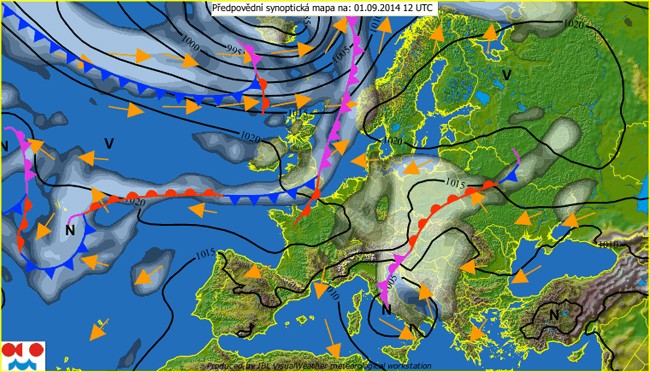 W poniedziałek spadnie przelotny deszcz, a i burza nie jest wykluczona. Będzie ciepło. Źródło: ČHMÚ (Chmi.cz)
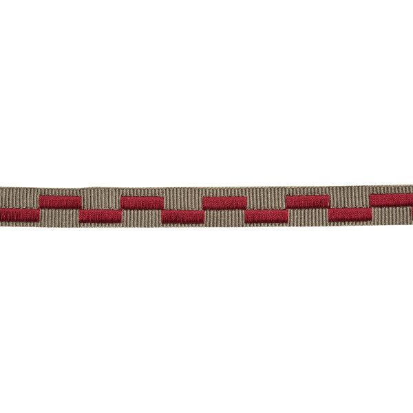 The Gallery embroidered braid is a blend of refinement and simplicity designed by Houlès. Its motif features embroidered rectangles on a contrasting semi-plain background. According to the declinations, the geometries are light and the support darker; or the opposite. This model is embellished with iridescent reflections to be able to decorate your creations with elegance.
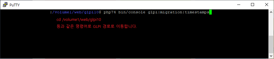 그리고, glpi가 설치된 경로로 이동해서, 명령어를 입력합니다. (glpi의 경로는 이때 web의 경로에 따라 경로가 달라질 수 있습니다)
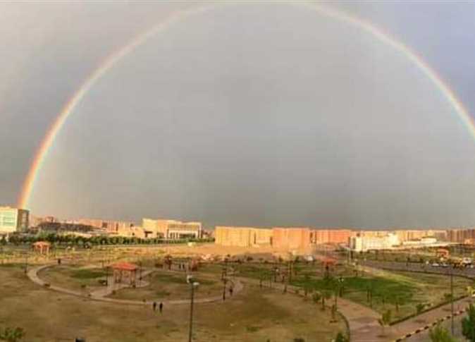 قوس قزح ظهر في محافظات الصعيد وخاصة المنيا وسوهاجـ، حيث استمر هطول الامطار هناك لساعات وانقطع التيار الكهربائي أيضا.
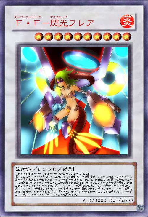 | 「F・F」チューナー+チューナー以外のモンスター2体以上 ①:このカードがS召喚に成功した時、そのS素材とした炎属性モンスターの数までフィールドのカードを対象として発動できる。そのカードを破壊する。その後、自分はこの効果で破壊したカードの数×500ダメージを受ける。この効果で自分が1500以上のダメージを受けた場合、自分はデッキから1枚ドローできる。②:このカードは効果では破壊されず、効果の対象にならない。③:このカードが戦闘で相手モンスターを破壊した時に発動できる。破壊したモンスターの攻撃力分だけ自分のLPを回復する。④:「F・F」モンスターのみを素材としてS召喚したこのカードは、1度のバトルフェイズ中に2回まで攻撃できる。 | |||
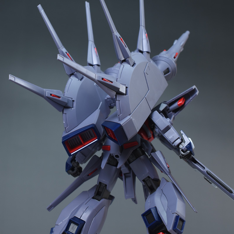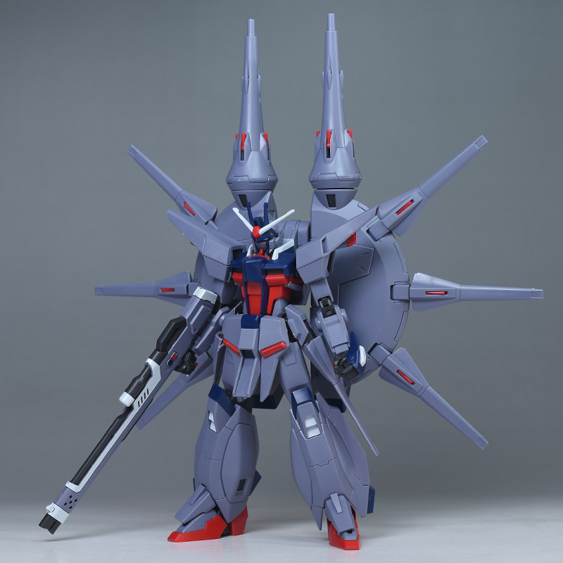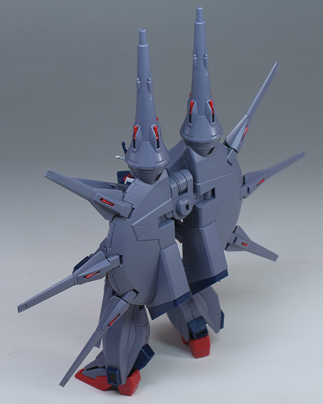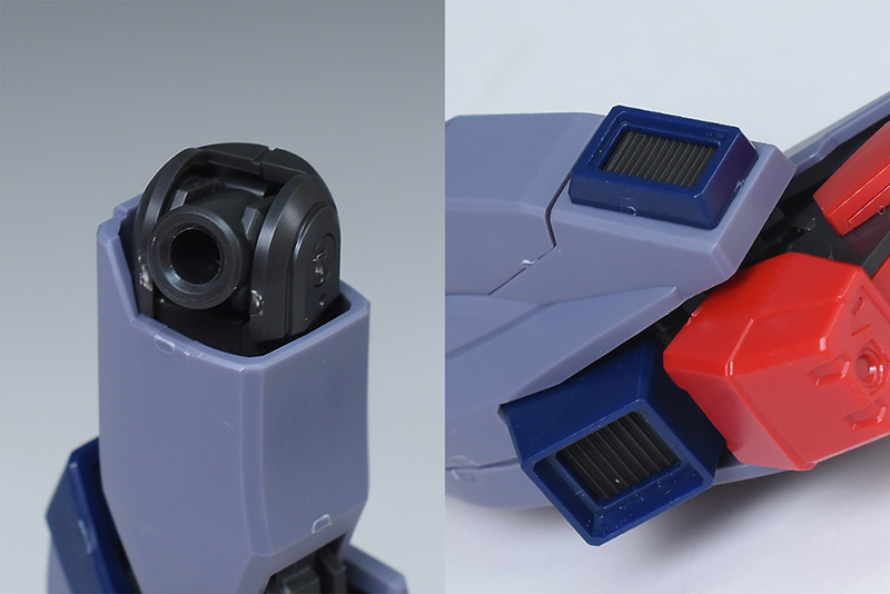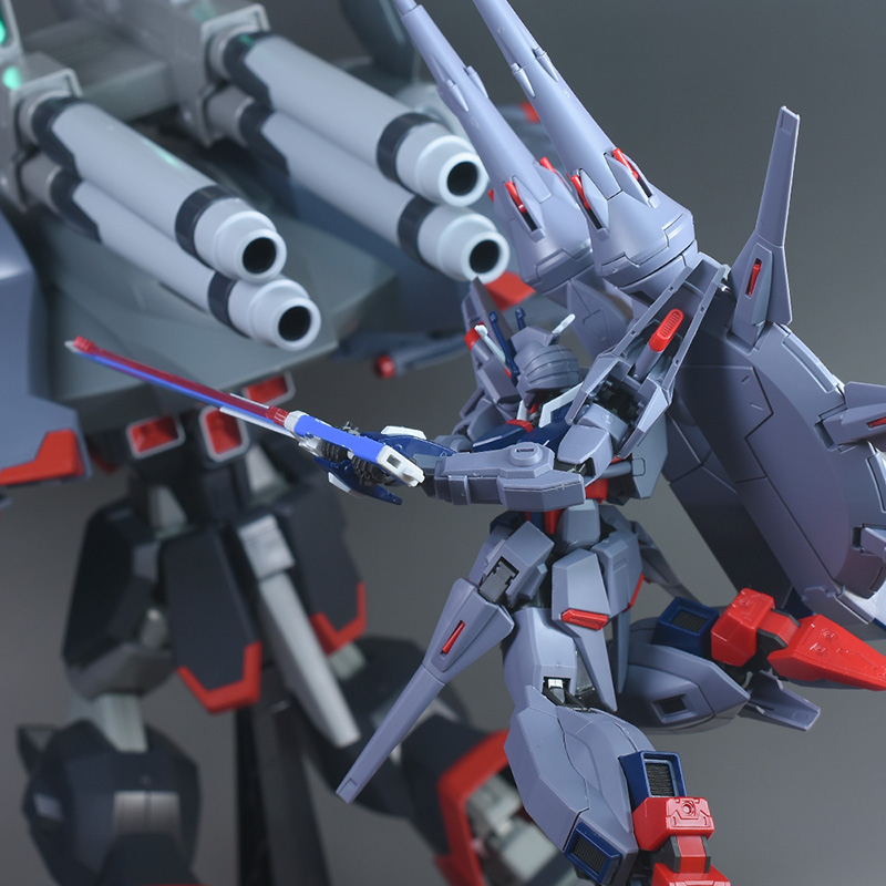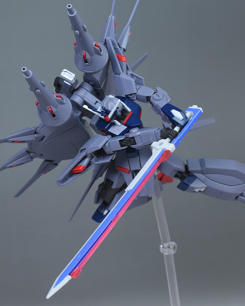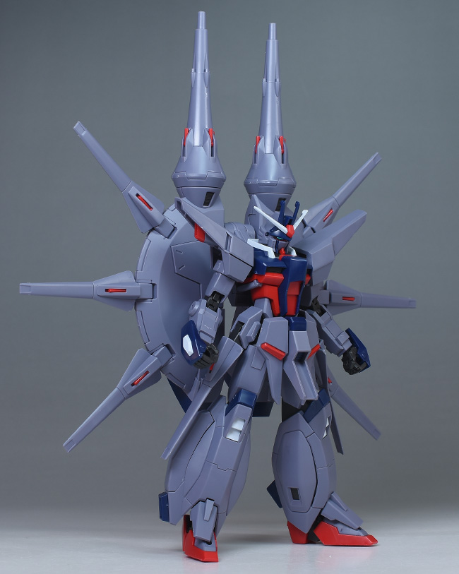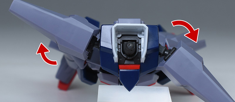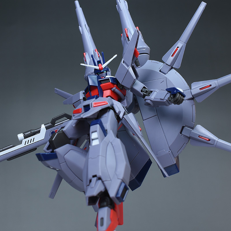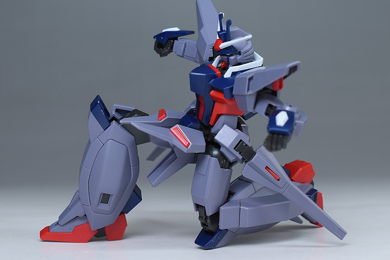 成形色はパープルグレーを基調に、胸部や膝部などにダークブルー、腹部やソール部、スラスター口、ドラグーン(突撃ビーム機動砲)の一部など各部にレッドを配色。その他、頭部アンテナや襟がホワイト、内部や関節がダークグレー成形色での再現となっています。
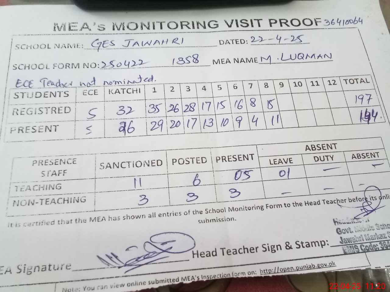 | Attendance Register | Head Teacher | MEA with School | Visit Proof |
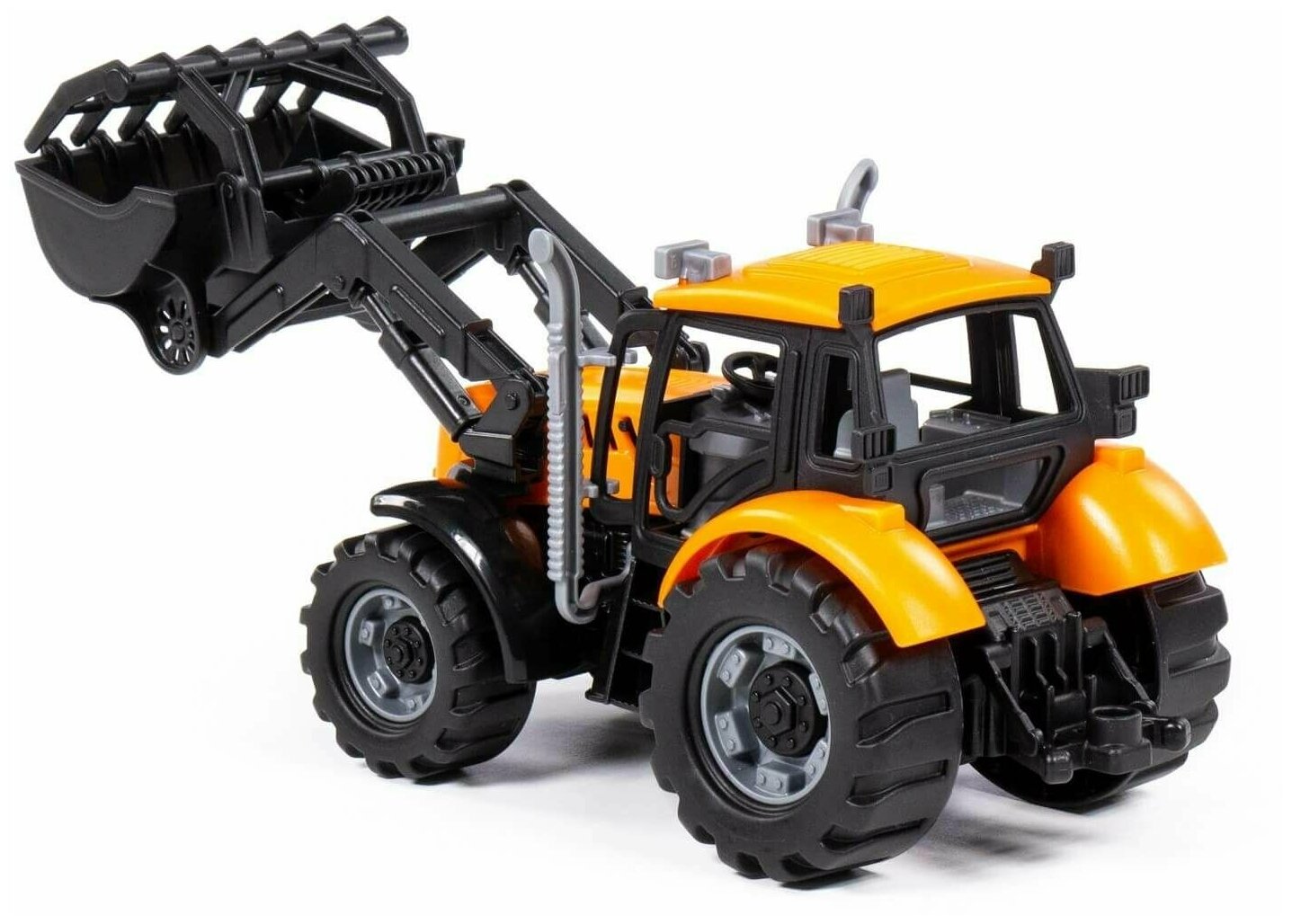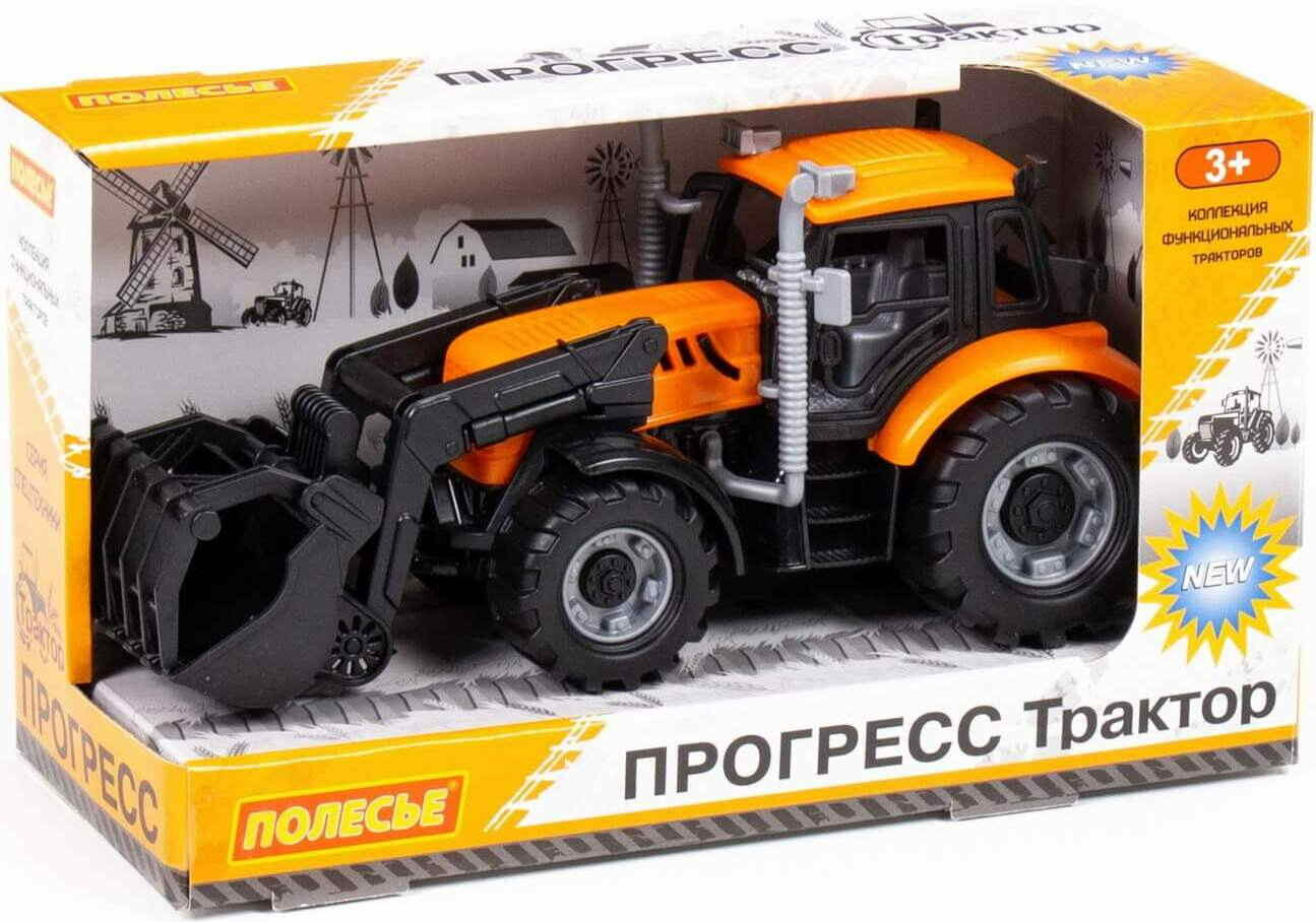Инерционный сельскохозяйственный трактор-погрузчик 24 см с захватом "Прогресс" / Полесье оранжевый (в коробке) интересное:

● ● ● ● ● ● ●

Your instructions: What you return must match, line for line, the records from the line containing "Visit Proof |" through their end, with both ends included and no pictures.

Problem solution:
 | Attendance Register | Head Teacher | MEA with School | Visit Proof |
Инерционный сельскохозяйственный трактор-погрузчик 24 см с захватом "Прогресс" / Полесье оранжевый (в коробке) интересное:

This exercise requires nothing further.